Data structure description is as follows.
Collection
orgs - organizations
- _id - unique organization code in the system, Mongodb identifier
- key - the unique code of the organization on the website Gosuslug
- name - organization name
- url - link on the website of state services
- level - the level of organization subordination
- parent - parent organization code, if any
- profile - an array of arrays of 2 lines each with a list of fields from the organization's profile
- childs - subsidiaries in the form of a dictionary
- childs.num - the number of organizations
- childs.list - list / array of organization codes
- services - dictionary with description of services provided by this organization
- services.exists - the flag of the existence of the service block of the organization
- services.items - an array of service dictionaries with name and url fields
- suborgs - dictionary of subordinate organizations
- suborgs.exists - the organization’s flag
- suborgs.items - an array of service dictionaries with the fields key, name and url
- unknown - the block of "unknown" page in the form of a dictionary.

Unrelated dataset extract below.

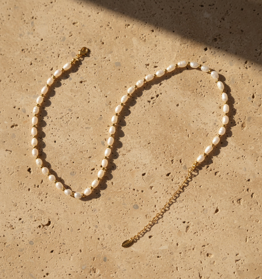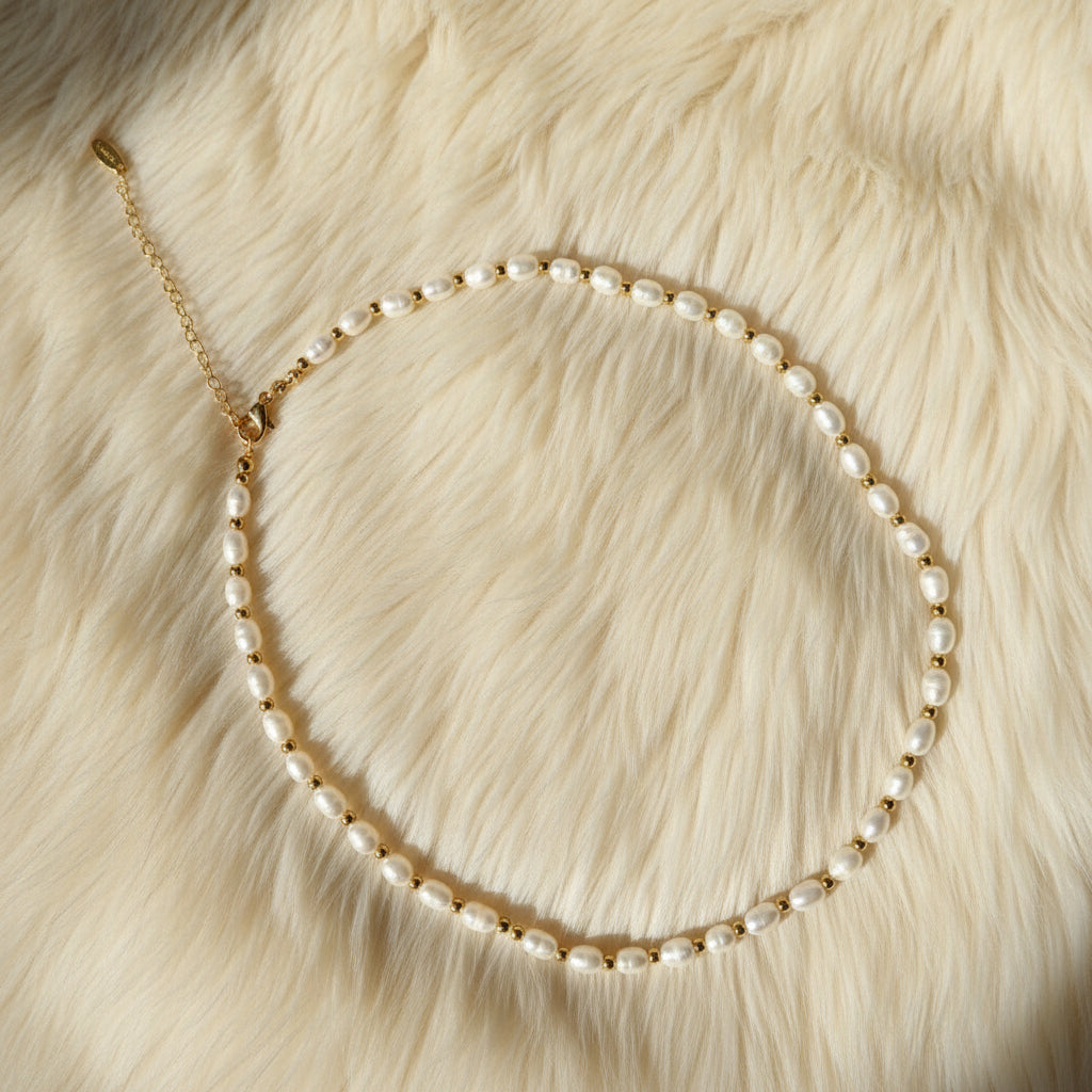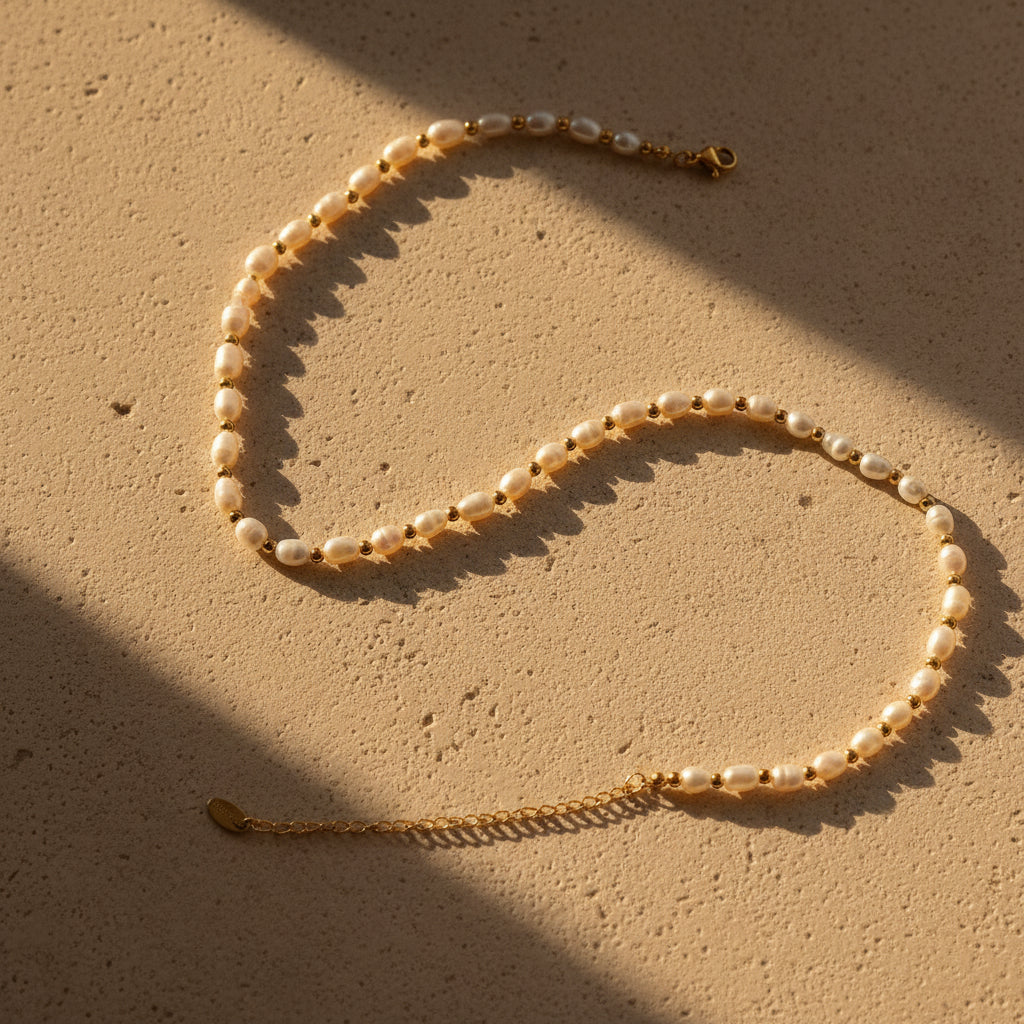 Materiał: stal chirurgiczna pozłacana 18k złotem i perły słodkowodne naturalne, każda sztuka jest inna

Present only if there are no other blocks.
- unknown.exists - the flag of the existence of the service block of the organization
- unknown.items - array, always empty
- contacts - organization contact dictionary
- contacts.exists - the flag of the organization’s existence of a block
- contacts.items - an array of strings with contacts
- places - dictionary of service locations
- places.exists - the flag of the organization’s existence of a block
- places.items - an array of strings describing the places of service
Collection
pages - pages
- _id - unique code in the system, Mongodb identifier
- url - link to the requested page
- rurl - the url of the page after the redirect from the site of public services
- page - a piece of HTML code page content.
The
domains collection is the domains of sites (based on data on email addresses)
- _id - unique code in the system, Mongodb identifier
- domain - domain
- has_a - flag presence of A record in DNS
- a - an array of dictionaries with a name field and a list of query results A to DNS
- has_mx - flag of having MX record in DNS
- mx - an array of dictionaries with fields name (server name), l2_dom (second-level domain server), priority (priority) and a list of MX query results for DNS
Collection
mx_servers - mail servers
- _id - unique code in the system, Mongodb identifier
- domain - mail server domain
- l2_dom - second level domain
- num_domains - the number of domains using this MX server
- domains - an array of domains using this MX server
Collection
emails - email addresses from contacts of organizations
- _id - unique code in the system, Mongodb identifier
- email - email address
- domain - email address of alresa
- parsed - the flag that the email address is parsed
- valid - the flag that the email address is correct
- has_a - flag presence of A record in DNS
- a - an array of dictionaries with a name field and a list of query results A to DNS
- has_mx - flag of having MX record in DNS
- mx - an array of dictionaries with fields name (server name), l2_dom (second-level domain server), priority (priority) and a list of MX query results for DNS
Collection
services - government services
the description is still incomplete, the services have only names and bindings to organizations- _id - unique code in the system, Mongodb identifier
- name - the name of public services
- url - link to the website of public services
- num_orgs - the number of organizations
- orgs - an array of codes of organizations providing this service
And also, those of you who think about how you can work with this data, I suggest to pay attention to the catalog in
OpenGovData.ru which data you can try to use to improve / analyze data on public services.
I can also send the code for retrieving and parsing data from the state services to those who wish. I will soon post it, in any case, in the public domain, but so far it is not particularly ready for publication - without comments and explanations.